By default, this script will use w3m to dump HTML pages and then run
diff over the current page and the previous backup. Some pages are
better viewed with lynx or links. Downloaded documents (HTML or ASCII)
can be post-processed (e.g., filtered through some ruby block that
extracts elements via hpricot and the like).
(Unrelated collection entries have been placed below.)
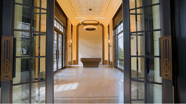 踏入挑高大堂,巴西银河白奢石与土耳其米黄系大理石的组合,构建色彩递进与质感对比的视觉层次,通过弱化棱角与流动线条,将传统直角的冷硬感转化为温润的包容性。从视觉到触觉的全感官体验设计,将空间转化为承载记忆与身份认同的载体。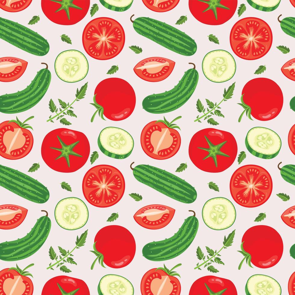 Seamless pattern background with with tomatoes and cucumbers Pro Vector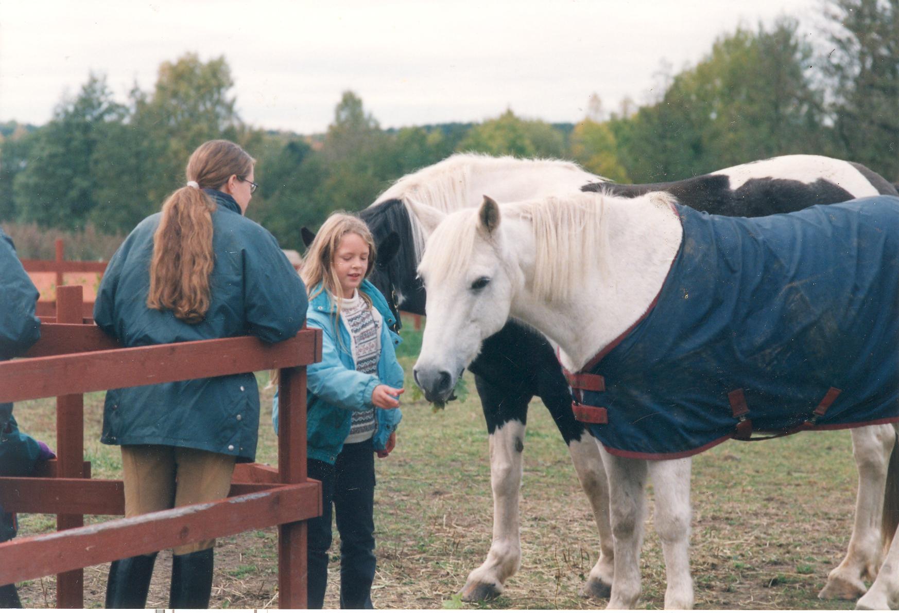 Alice och sin mamma Indiana Rose på sommarbete 1997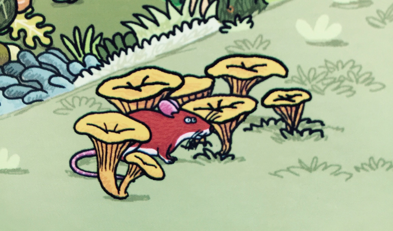 А вот, за лисичками, прячется мышь:

Please see the
configuration options below to find out how to change this globally or
for a single source.
This user manual is also available as
PDF[http://websitiary.rubyforge.org/websitary.pdf].
## FEATURES/PROBLEMS:
* Handle webpages, rss feeds (optionally save attachments in podcasts
etc.)
* Compare webpages with previous backups
* Display differences between the current version and the backup
* Provide hooks to post-process the downloaded documents and the diff
* Display a one-page report summarizing all news
* Automatically open the report in your favourite web-browser
* Experimental: Download webpages on defined intervalls and generate
incremental diffs.
Changes:
# 0.3
* Renamed the global option :downloadhtml to :download_html.
* The downloader for robots and rss enclosures should now be properly
configurable via the global options :download_robots and
:download_rss_enclosure (default: :openuri).
* Respect rel="nofollow" on hyperreferences.
* :wdays, :mdays didn't work.
* --exclude command line options, exclude configuration command
* Check for robots.txt-compliance after testing if the URL is
appropriate.
* htmldiff.rb can now also highlight differences à la websec's webdiff.
* configuration.rb: Ignore pubDate and certain other non-essential fields (tags
etc.) when constructing rss item IDs.
|
|